The Organised Labour, which includes the Nigeria Union of Local Government Employees, the Nigeria Union of Teachers, and the Nigerian Union of Pensioners, has called on the Federal Government to avoid handing over workers’ salaries directly to local governments.
This plea comes after the Supreme Court granted financial autonomy to local governments, allowing them to receive funds directly.
Labour leaders have suggested several measures to ensure the smooth operation of local governments under this new system. One of their key proposals is to carry out an audit to verify the actual number of local government workers, primary school teachers, and pensioners across Nigeria’s 774 local government areas.
In a statement, the President of NUT, Titus Amba, NULGE President-General, Ambali Akeem, and NUP President, Godwin Abumisi, said, “For a smooth start of the direct payment system, there should be staff redistribution, placement, and auditing to find out the real numbers of local government workers, teachers, and pensioners.”
They also proposed a one-year freeze on hiring new local government staff and teachers to ensure stability and allow local governments to focus on development projects. “Recruitment of new staff into local government and teaching should be suspended for one year from the date of the Supreme Court judgment. This will help local governments concentrate on developmental projects and service delivery,” the Labour leaders added.

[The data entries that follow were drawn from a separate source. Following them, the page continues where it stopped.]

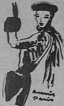
La moda en París vista por Simone Deambrosis-Martins: Toaca y guantes de visón. (Creación Pierre Balmain).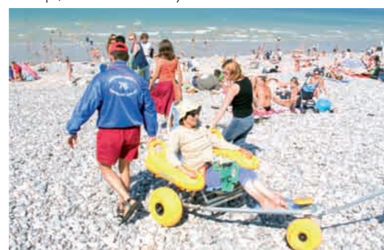
Tiralo® sur la plage de Saint Valery en Caux. Un stationnement à proximité et un cheminement adapté pour rejoindre le front de mer permet à l'utilisateur d'utiliser une cabine de déshabillage accessible ainsi que des sanitaires et une douche. Mis à disposition gratuitement au poste des surveillants de baignade, il nécessite l'aide d'un accompagnant pour rejoindre la zone de baignade ou le sable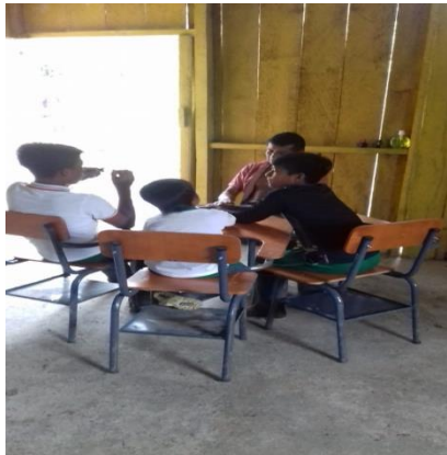
Figura 5. Reconoce textos en los tres géneros literarios.

Se realiza un encuentro con uno de los mayores de la comunidad Awá, se solicita narre historias de la Maikin Yal, la Casa Antigua.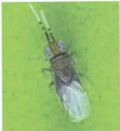
Figura 5. Fêmea adulta de Anagyrus pseudococci (Girault) (2-3mm) (Original de Mil-Homens).

cerosas que não permitem a visualização da cápsula melanizada que envolve o ovo ou larva encapsulada do parasitóide (Figura 6). Assim, antes de se proceder à dissecação de cada exemplar, efectuada ao microscópio estereoscópico (10 a 40x), com auxílio de pinças entomológicas, submetem-se as cochonilhas a um processo de clarificação, por imersão numa solução 1:1 de fenolcloral e ácido acético, durante 24 horas.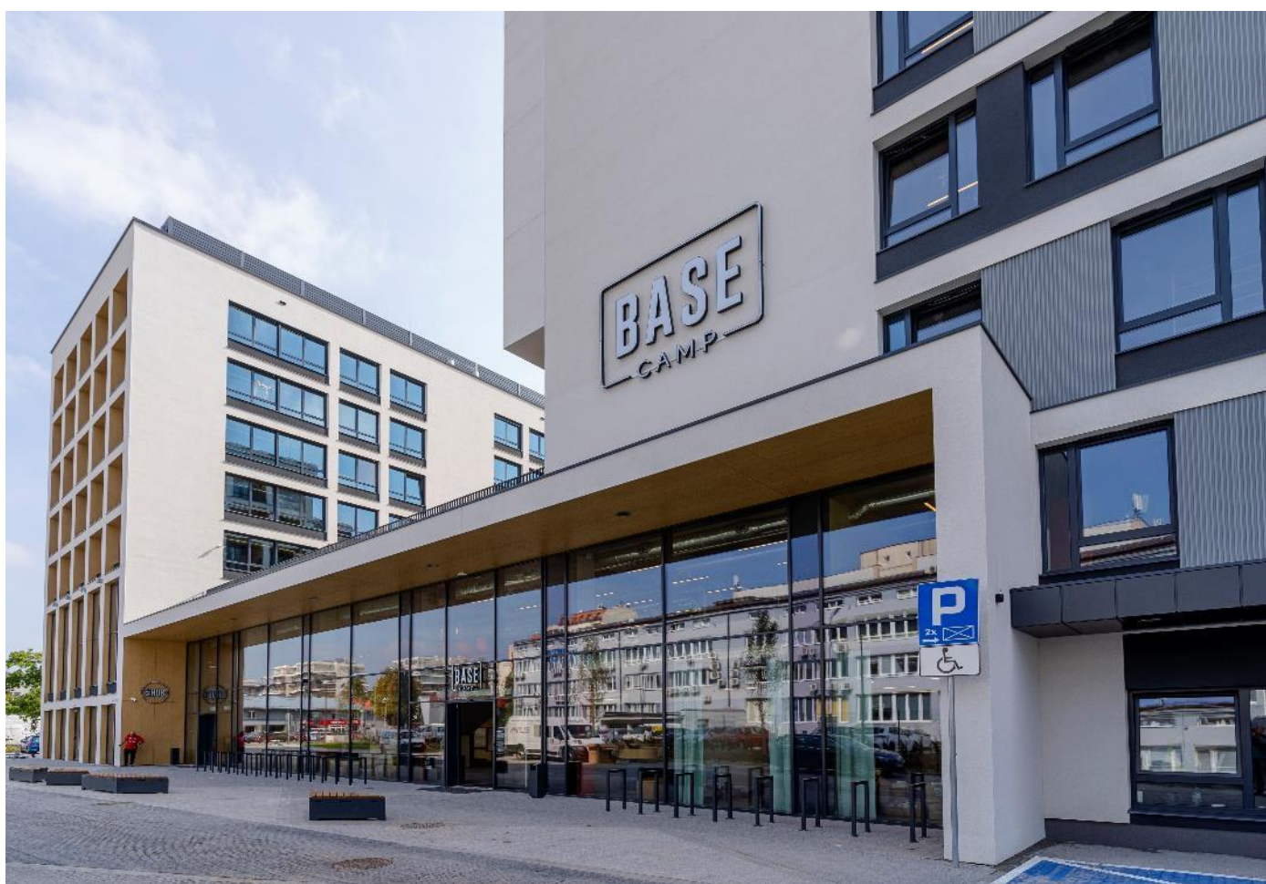
Dom studencki BaseCamp w Katowicach

W ocenie Zarządu Spółki Dominującej nie występują inne informacje istotne dla oceny sytuacji Grupy Kapitałowej, niż wymienione w pozostałych punktach Sprawozdania z działalności za I półrocze 2022 roku oraz w Dodatkowych informacjach i objaśnieniach do skróconego śródrocznego skonsolidowanego sprawozdania finansowego za okres 01.01.2022 roku – 30.06.2022 roku.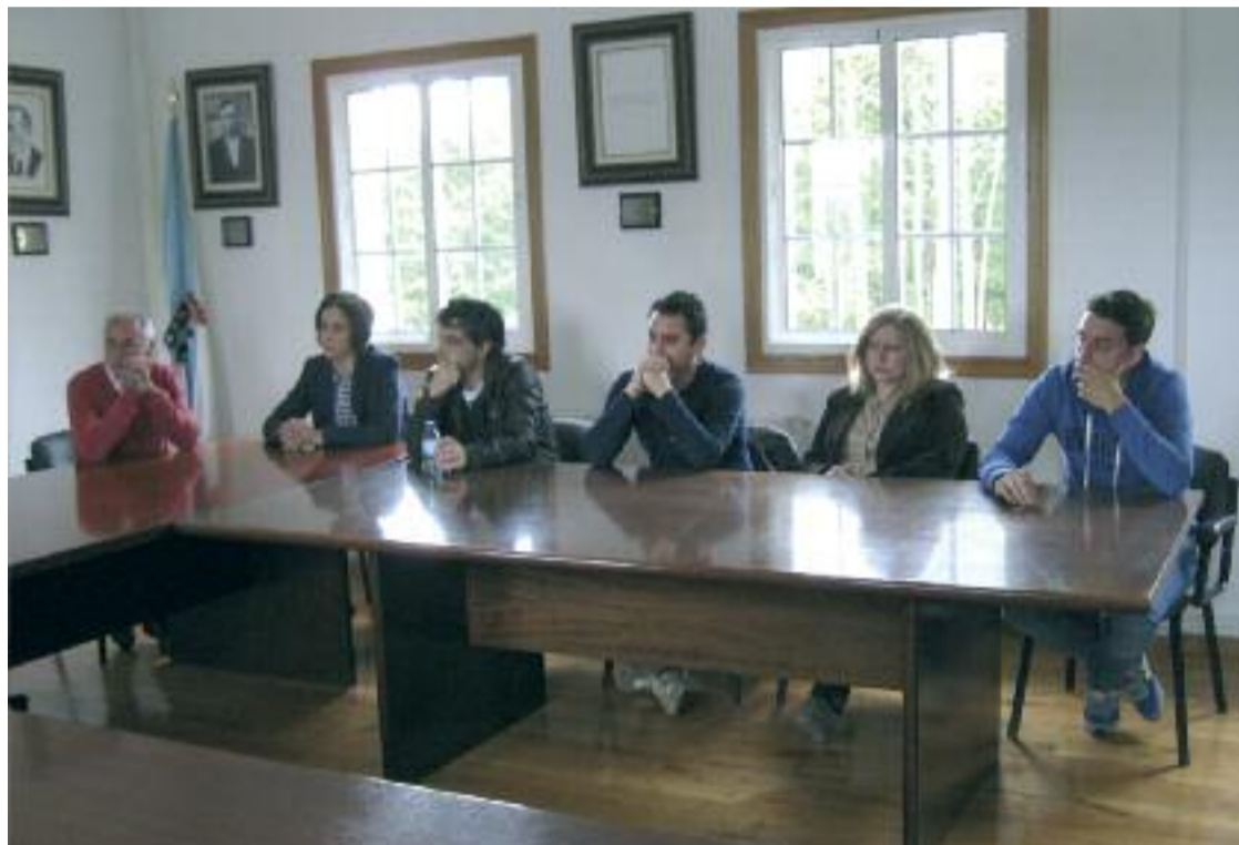
Concelleiros do bipartito no pleno de investidura minutos antes da votación

"Cada un crese con forza suficiente para pedirlle ao ou-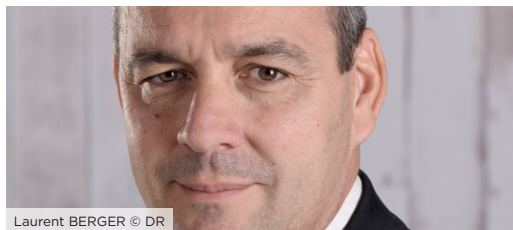
Laurent BERGER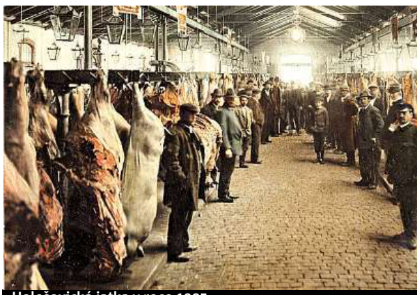
Holešovická jatka v roce 1905.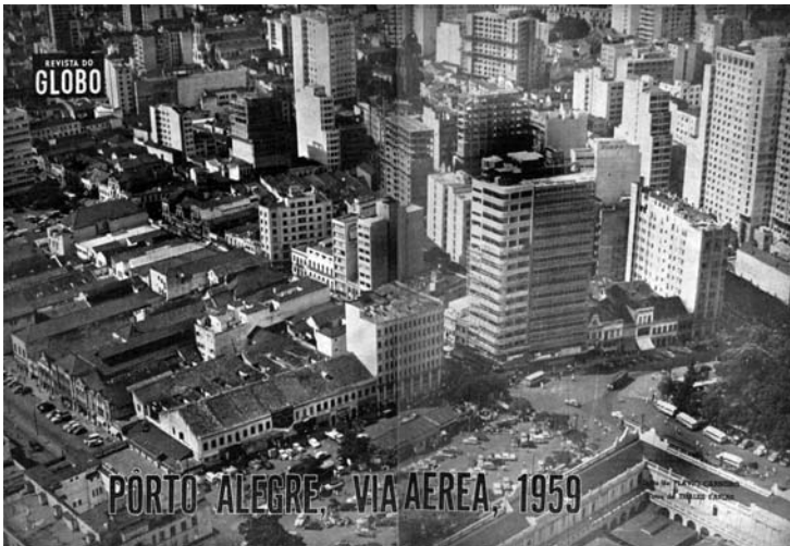
Foto 3 – CARNEIRO, Flávio; FARIAS, T. Porto Alegre via aérea, 1959. Revista do Globo , 1959, n.742, p.10-1.

Mas não há somente publicidade da modernização ou a venda de uma imagem da cidade para consumo dos leitores de classe média na Revista do Globo . Ela também cumpria o papel de apontar os dilemas que a cidade en-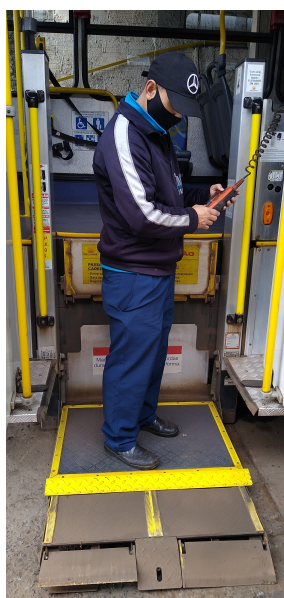
Foto 1 Plataforma Elevatória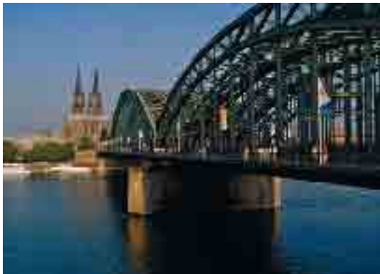
Most přes Rýn. V pozadí kolínský Dóm s ostatky Tří králů.

Dalším důležitým bodem byl příjezd papeže do Kolína a jeho pouť do kolínského dómu. Všude kolem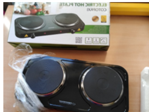
Rysunek 4. Kuchenka do podgrzewania posiłków.

Przedszkole posiada gabinet logopedy, wyposażony w pomoce dydaktyczne do prowadzenia zajęć logopedycznych. Gabinet służy również do prowadzenia zajęć rozwijających kompetencje emocjonalno – społeczne z Pomocy Psychologiczno - Pedagogicznej - terapia z arteterapią. Wszyscy nauczyciele w roku szkolnym 2021/2022 mieli dostęp do komputerów oraz Internetu. Do celów dydaktycznych na wyposażeniu przedszkola na koniec roku szkolnego 2021/2022 znajdowały się: 3 laptopy, 2 komputery, 3 drukarki, 2 telewizory, 2 odtwarzacze, 1 DVD, 3 radiomagnetofony, 3 przenośne głośniki, 2 tablice interaktywne, 1 magiczny dywan, 1 mikrofon.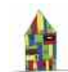
Biblioteca Comunale di Borgo Valsugana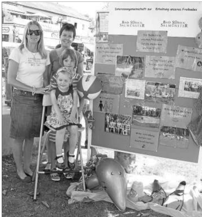
Die Initiative zur Erhaltung des Sodener Freibades informiert.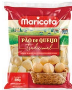
Pão de Queijo Tradicional Maricota 800g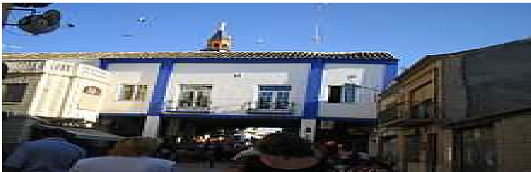
Entrada a la Plaza Mayor.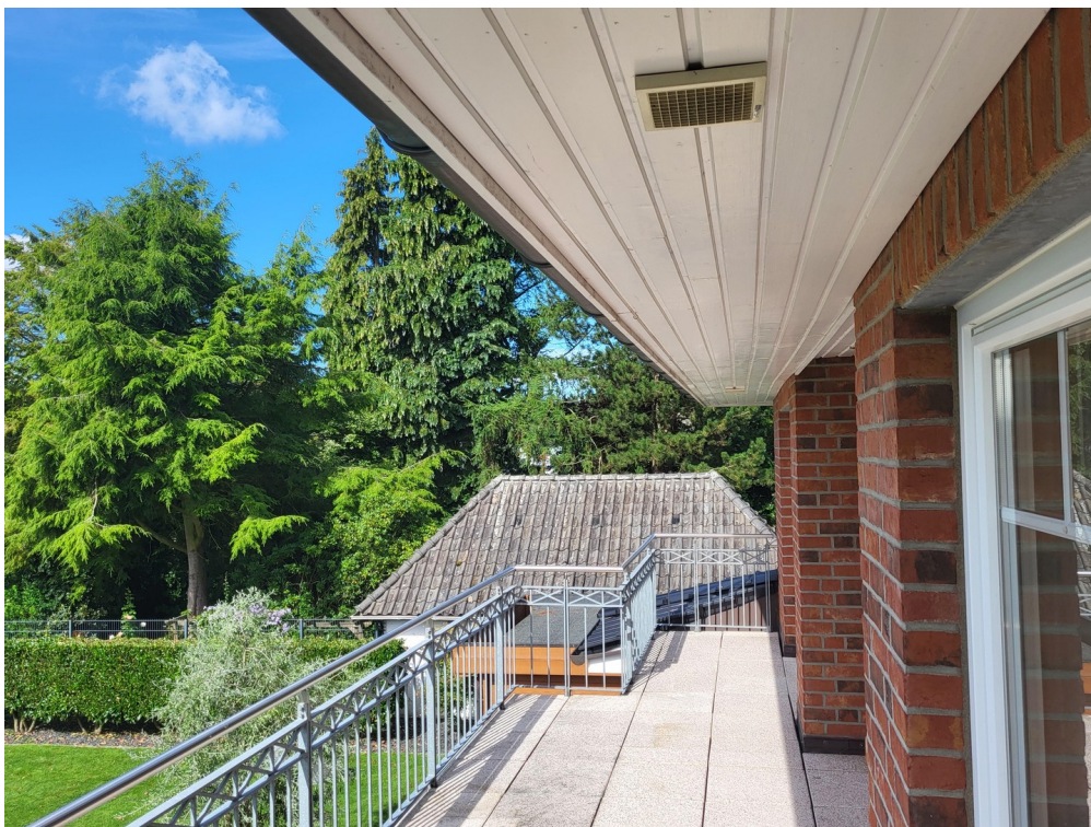
Dachterasse Foto I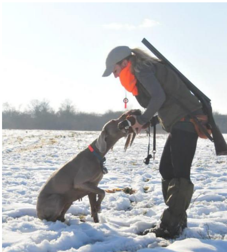
Slika 8. Predaja divljači vodiču u ruku u sjedećem položaju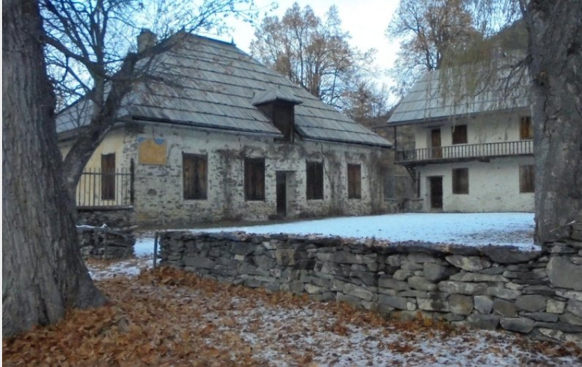
Clairière du Lauzin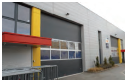
Locaux loués pour les ateliers départementaux, rue du prunier à COLMAR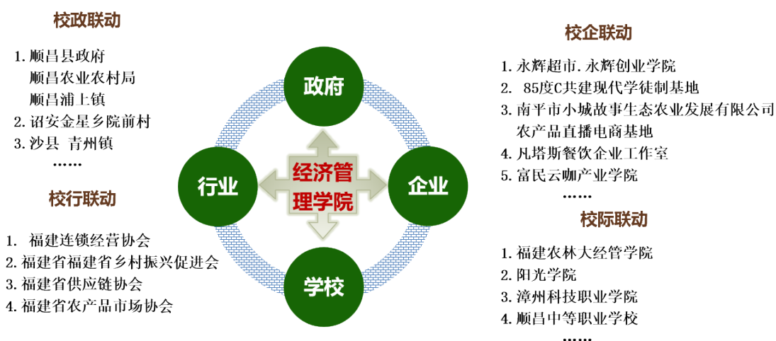
图2 四方联动共育创新创业人才

一是校政联动。与顺昌县签订合作框架协议，成立乡村振兴研究院；与顺昌县、诏安县、沙县等农业农村局成立科技工作站，在人才培养、乡村振兴、科技服务等方面搭建合作育人平台。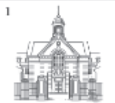
1 ST. HUGH'S COLLEGE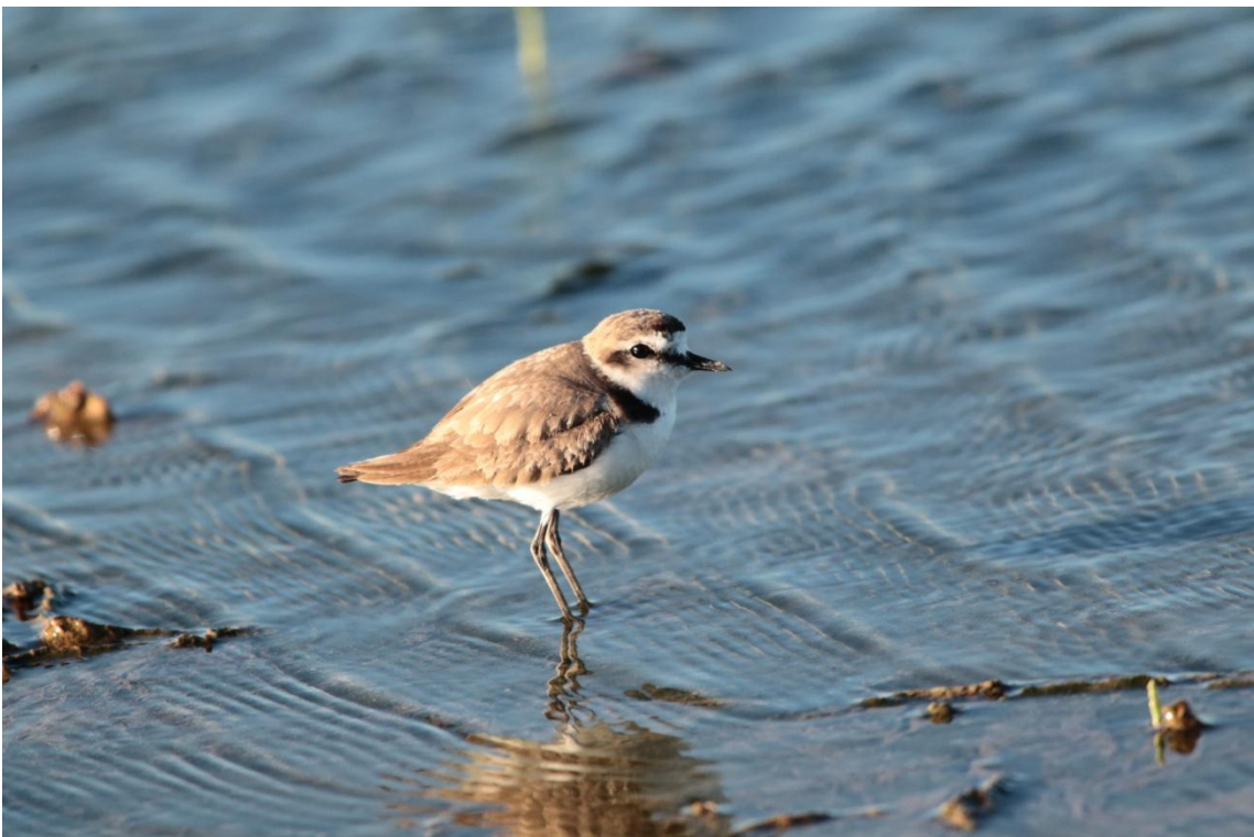
Gravelot à collier interrompu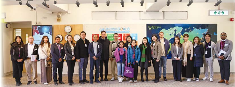
越南喜樂堂教牧家庭與青年幹事於宏信堂參與主日崇拜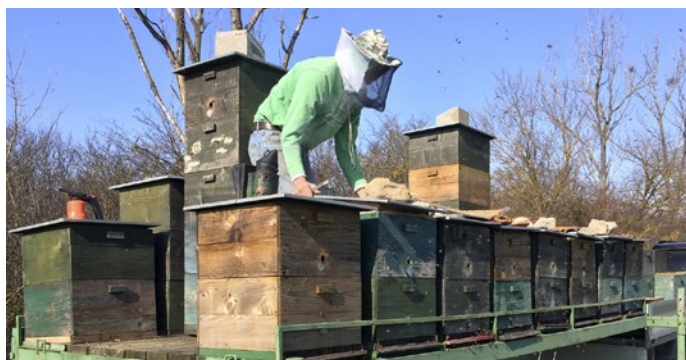
Včelár pri svojich úlohách

Another suggestion was to restructure the bodies that supervise local government workers, making them more inclusive by adding representatives from local government chairmen, labour unions, and other stakeholders. Labour also called for the Federal Government to help local governments procure essential machinery like tractors and refuse disposal vans, with the cost deducted from local government allocations over time.
Regarding workers’ welfare, the Labour leaders said that local government workers’ and teachers’ salaries should be directly managed by the Local Government Service Commission and the State Universal Basic Education Board (SUBEB), respectively. Additionally, 25% of workers’ salaries should be set aside for pensions and gratuities, and 5% of funds should be allocated to traditional councils.
Labour further proposed strengthening the Federal Ministry of Special Duties and Inter-Governmental Affairs to oversee policies and reforms for local governments, ensuring proper coordination and productivity.